Правда чудо? Вы кому собираетесь их дарить? Жене? Сестре? Подруге? А может быть
просто девушке?
— Вы не поняли. Я хотел бы подарить самый дорогой, самый
ценный цветок из вашей коллекции…
— О-оо! — обрадовалась она. — Это прекрасно! Тогда вам нужен
вот этот! Роскошнейший экземпляр! Я зову его Долли. Правда, чудо? К сожалению,
он стоит дорого, но цветет круглый год. Купите, не пожалеете. Ваша дама, когда
увидит этот цветок…
— Вы не поняли, я хочу подарить его вам. Именно вам, славная
девушка, — наконец сказал он, и она растерялась.
— Мне?
— Вам.
— Но этот цветок и без того уже мой…
— Неужели?
— Все цветы здесь мои, — усмехнулась она. — Я их задумала,
изобрела и потом уже вырастила. Я их холила и лелеяла. Их трудно мне подарить.
Он растерянно сник:
— Все — ваши?
Она развела руками:
— Увы — да.
— Но что же я вам подарю?
Он был сильно расстроен.
Она подумала: “Нет, не зря я надела свое новое розовое
платье, и прическу сделала тоже не зря, даже губная помада оказалась не
лишней”.
Глянула исподлобья (знала, что так особенно хороша),
усмехнулась кокетливо и, скрывая остатки смущения, тихо спросила:
— Почему вы хотите подарить мне цветы?
Он улыбнулся:
— Не только цветы.
Краснея, она воскликнула:
— Не только цветы? Что же еще?
— Я весь мир хотел бы вам подарить.
Ее тонкие брови взлетели вверх:
— Но почему? Почему?
Он смущенно признался:
— Потому, что вы… девушка моей мечты.
Глава 8
Дверь притворилась, и мы с Фросей опять остались одни: одни
в комнате, но не в доме.
— Только попробуй теперь меня обвинить в дурацком приколе, —
воскликнула я.
— Не собираюсь, — лаконично ответила Фрося, и даже в сумраке
было видно, что она стала мела белей.
“Неужели и Ефросинья все поняла?” — подумала я и спросила:
— Не собираешься? Почему?
Ответ прозвучал в форме вопроса:
— Знаешь, кто этот здоровущий мужик?
— Шеф, — буркнула я, — их “батяня”. Верзилы перед ним
навытяжку все стояли.
Фрося, округляя глаза, сообщила:
— Это Боря, местный крутой, воротила, мафиоза и черт знает
кто там еще! Сонечка, мы попали в такой переплет, что вряд ли выйдем отсюда
живыми!
— Да-ааа?!
И вот тут-то разум мне отказал, что частенько бывает.

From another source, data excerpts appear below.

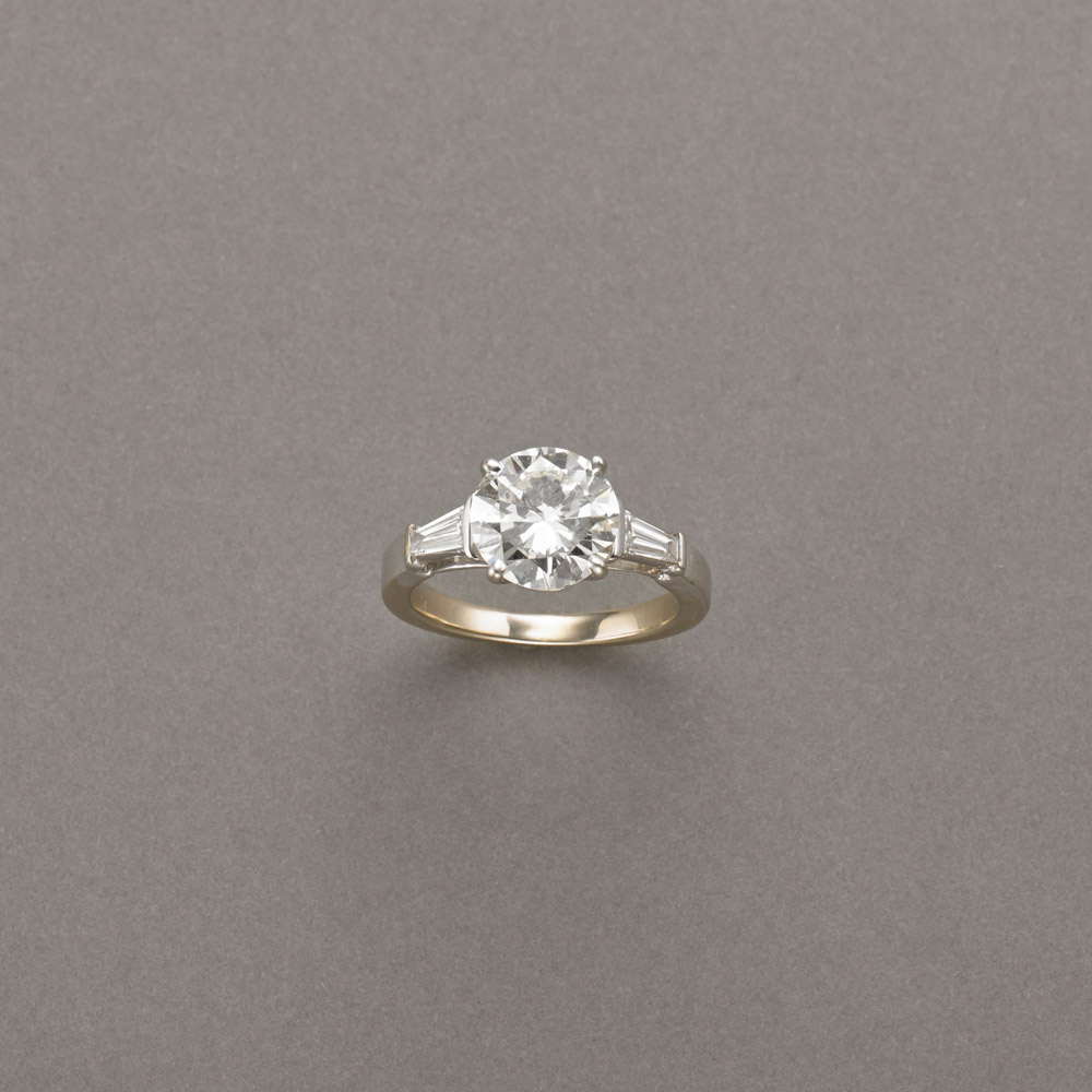 Anello in oro bianco e giallo rodiato bianco con diamante centrale rotondo taglio a brillante ct.2,05 e due diamanti trapezioidali taglio tapered sul gambo, g.3,80, misura: 10/50 Accompagnato da Jewelry Report GECI n.17872 del 17 Febbraio 2015 Diamond single stone ring with diamond shoulders Appended GECI Jewelry Report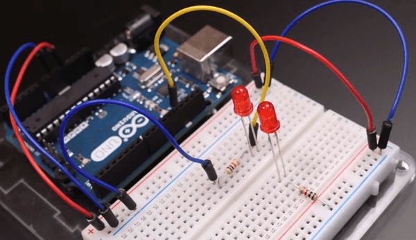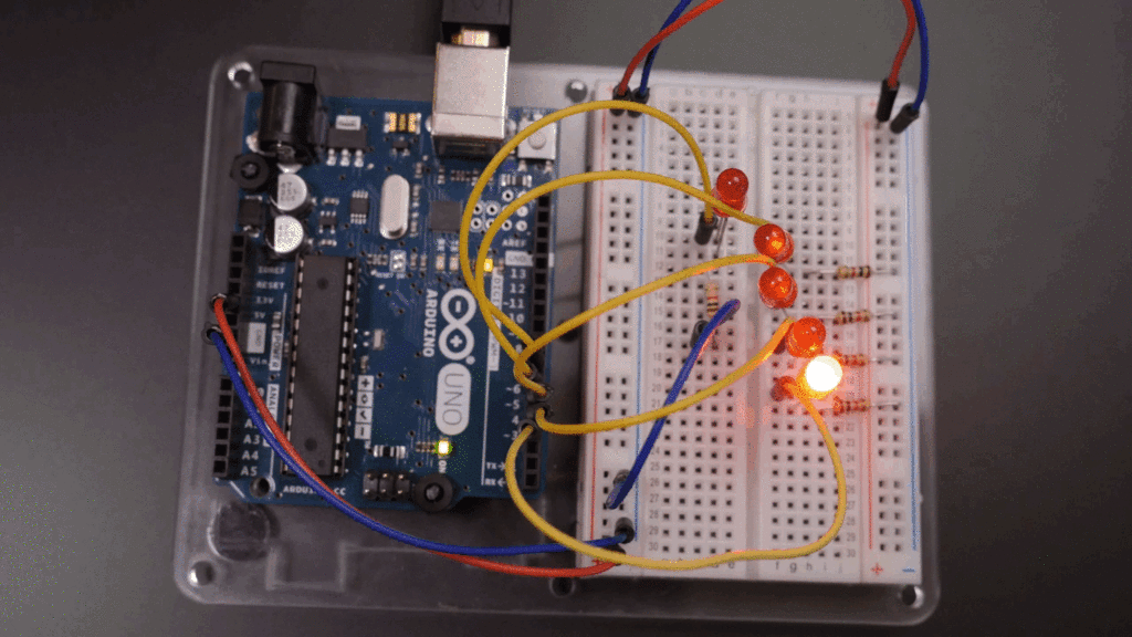 Подключите плату Arduino Uno к компьютеру и загрузите в нее код. Давайте разберемся, как закодировать световую последовательность, более подробно рассмотрев элементы программы:
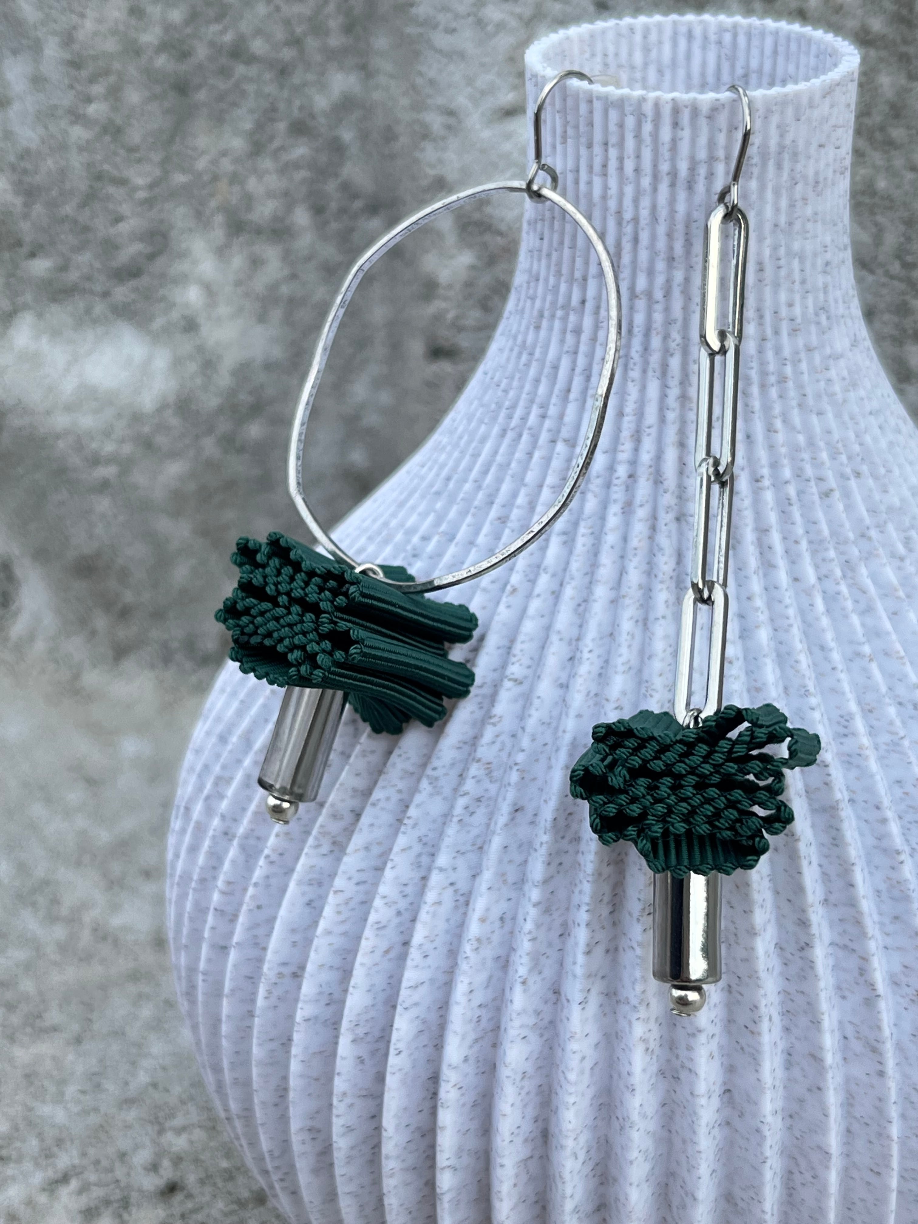 【ラスト1点】Overlap15 Chain asymmetry pierce/earring Dark green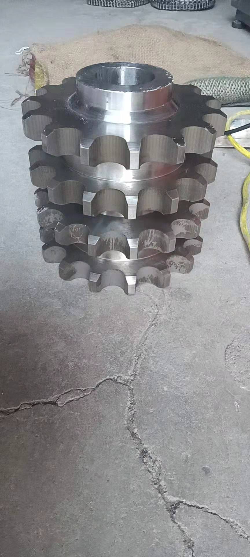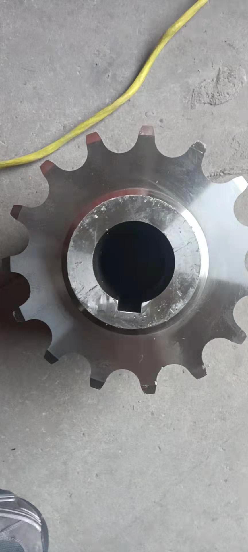 廠家直銷不銹鋼鏈輪的結(jié)構(gòu):鏈輪一種帶嵌齒式扣鏈齒的輪子,用以與節(jié)鏈環(huán)或纜索上節(jié)距準(zhǔn)確的塊體相嚙合。鏈輪被廣泛應(yīng)用于化工、紡織機(jī)械、食品加工、儀表儀器、石油等行業(yè)的機(jī)械傳動(dòng)等。鏈輪結(jié)構(gòu)設(shè)計(jì):1、鏈輪的齒形鏈輪齒形必須保證鏈節(jié)能平穩(wěn)自如地進(jìn)入和退出嚙合,盡量減少嚙合時(shí)的鏈節(jié)的沖擊和接觸應(yīng)力,而且要易于加工。它是由三段圓弧aa、ab、cd和一段直線bc構(gòu)成,簡(jiǎn)稱三圓弧-直線齒形。齒形用標(biāo)準(zhǔn)刀具加工,在鏈輪工作圖上不必繪制端面齒形,只需在圖上注明"齒形按3RGB1244-85規(guī)定制造"即可,但應(yīng)繪制鏈輪的軸面齒形,其尺寸參閱有關(guān)設(shè)計(jì)手冊(cè)。2、鏈輪結(jié)構(gòu)小直徑鏈輪一般做成整體式,中等直徑鏈輪多做成輻板式,為便于搬運(yùn)、裝卡和減重,在輻板上開孔,大直徑鏈輪可做成組合式,此時(shí)齒圈與輪芯可用不同材料制造。例如C45,不銹鋼等材料。3、鏈輪材料鏈輪材料應(yīng)保證輪齒有足夠的強(qiáng)度和耐磨性,故鏈輪齒面一般都經(jīng)過熱處理,使之達(dá)到一定硬度。

Почему-то вдруг захотелось вернуться к привычной версии, более безопасной.
— Хватит меня пугать, — брякнула я, — этот Боря тоже прикол.
Часть твоего прикола.
— Да нет же, — горячась, воскликнула Фрося. — Это зверь и
убийца, настоящий бандит, Борис Вырвиглаз по кличке Якудза.

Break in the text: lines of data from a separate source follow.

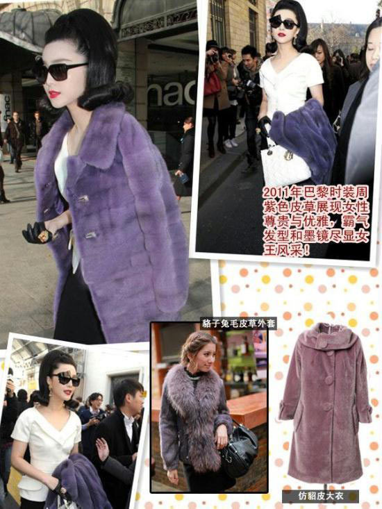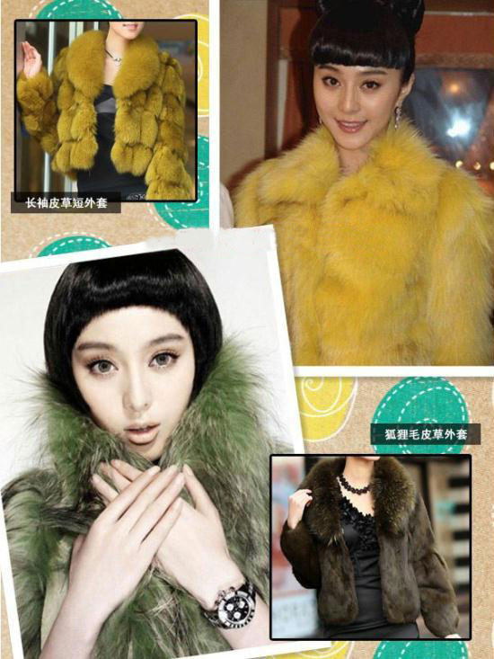 | Trong chuỗi những kiểu mốt và phong cách mà Phạm Băng Băng theo đuổi, cô đặc biệt được biết đến với những thiết kế áo lông thú sang trọng và đắt đỏ. Tính đến nay, người đẹp với biệt danh "nữ hoàng thị phi" của showbiz Hoa ngữ thực xứng đáng có thêm nickname "đại gia áo lông" khi cô đang sở hữu cả một BST áo lông rất hoành tráng và tuyệt đẹp. |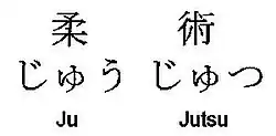 Le terme jūjutsu transcrivant de façon plus rigoureuse le mot japonais pour cet art martial est composé de deux kanjis. Selon la méthode de romanisation du japonais la plus répandue, la méthode Hepburn, ces kanjis devraient se définir ainsi :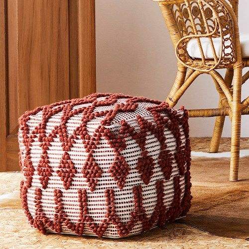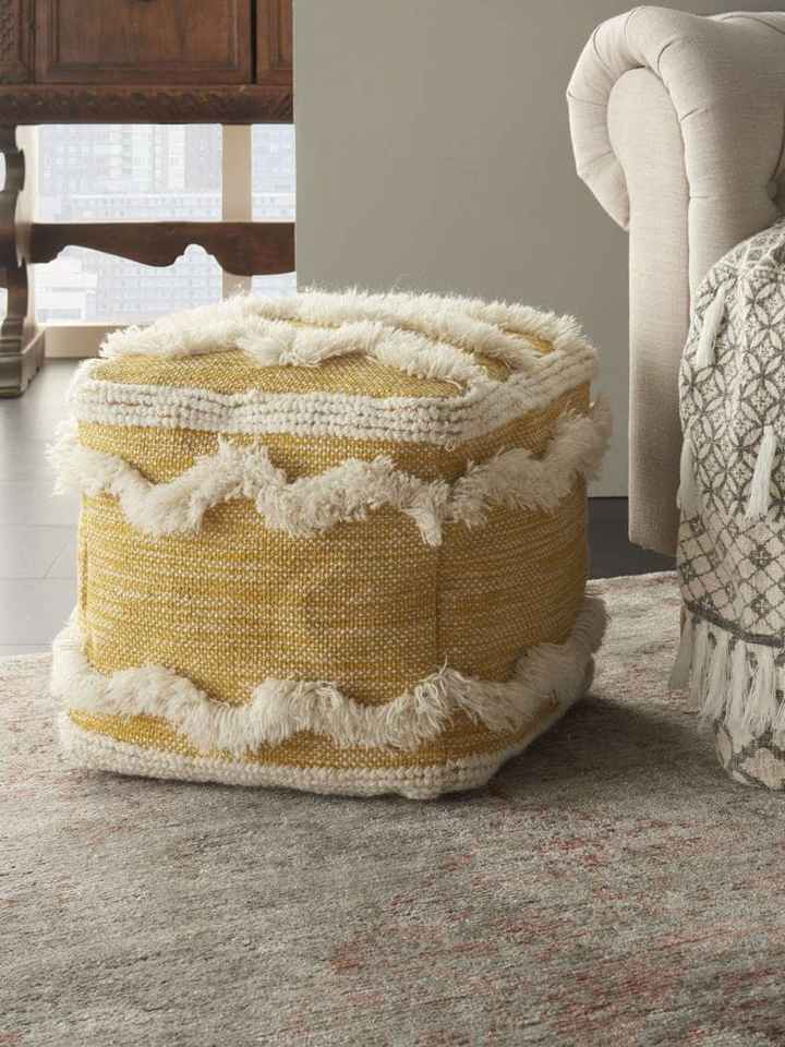 Boho Wool & Cotton Pouf | Handwoven Ottoman Stool for Cozy Decor Cushion Footrest Pouffe Seat for Living Room Decor By ITHL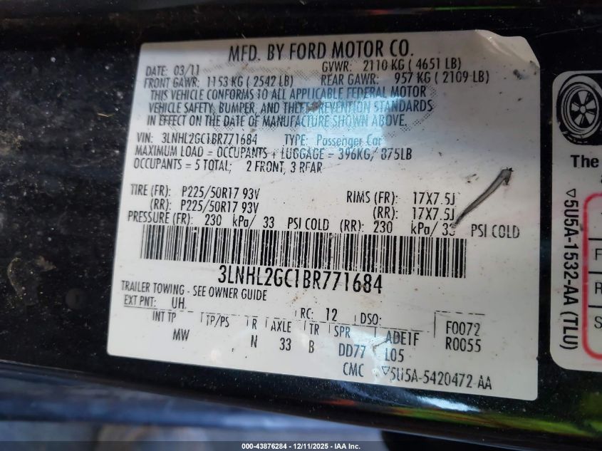 2011 LINCOLN MKZ 2011 року Бензин, 3.5, Передній привід, vin - 3LNHL2GC1BR771684 з США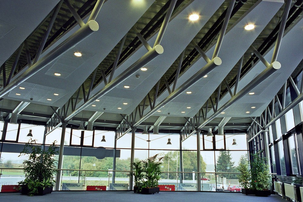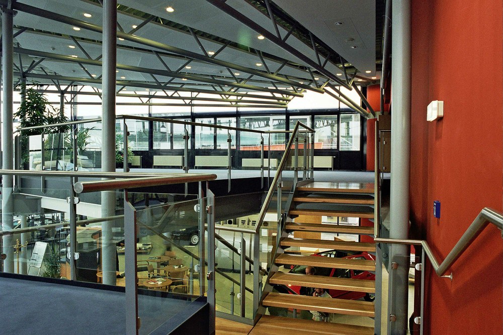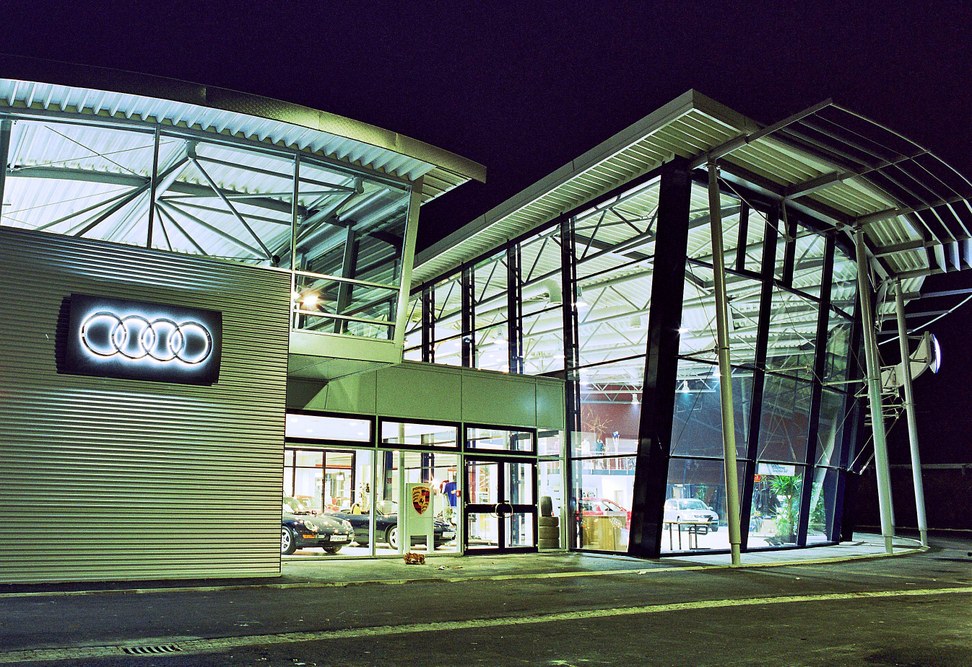 Der großvolumige Baukörper gliedert sich entsprechend den Funktionen in einen 2-geschoßigen Verkaufsbereich mit Administration und Zentrallager, einem Werkstättentrakt sowie etwas abgesetzt einen 2-geschoßigen "Hangar" für die Marke Audi.

— Не пыли мне мозги! — гаркнула я. — Ты сама про прикол
говорила!
Фрося вдруг согласилась:
— Да, говорила.
— Тогда объясни, что имелось ввиду.
— Как обычно, я решила над тобой подшутить и расклеила по
городу объявления с фотографией и текстом, мол разыскивается преступница,
аферистка…
Я разъярилась:
— Ты лжешь! Ты о другом говорила! Что ты имела ввиду, когда
насчет долларов меня распекала и ворчала, что здесь это стоит дешевле?
Фрося горестно сообщила:
— Я всего лишь хотела сказать, что Москва, это другая
страна. У нас все дешевле и проще. И касалось это не моего прикола, а твоего.

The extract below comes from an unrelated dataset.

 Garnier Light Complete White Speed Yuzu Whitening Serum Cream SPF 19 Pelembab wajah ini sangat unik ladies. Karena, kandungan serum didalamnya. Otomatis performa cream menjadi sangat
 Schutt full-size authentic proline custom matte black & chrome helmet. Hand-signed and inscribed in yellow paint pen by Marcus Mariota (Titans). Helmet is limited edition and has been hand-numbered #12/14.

Я-то подумала, что ты мне в отместку дуркуешь: заплатила верзилам, вот они по
городу нас и катают. Уверяю, за семьсот долларов здесь тебя увезут на Луну, а
не то, что за город.
Мне стало нехорошо.
— Так говоришь, это Борис Вырвиглаз? — спросила я, смутно
ощущая реальность.
Фрося с искаженным страхом лицом подтвердила:
— Да, по кличке Якудза.
— А кличку свою он как получил? — грациозно стирая капельку
пота, спросила я.
— Как-как, ясно как. За жестокость восточную и беспредел. В
нашей области его даже куры боятся.
— Ой-е! — воскликнула я, хоть и склонна к тому никогда не
была: грубостей не терплю с тех самых пор, как полюбила искусство.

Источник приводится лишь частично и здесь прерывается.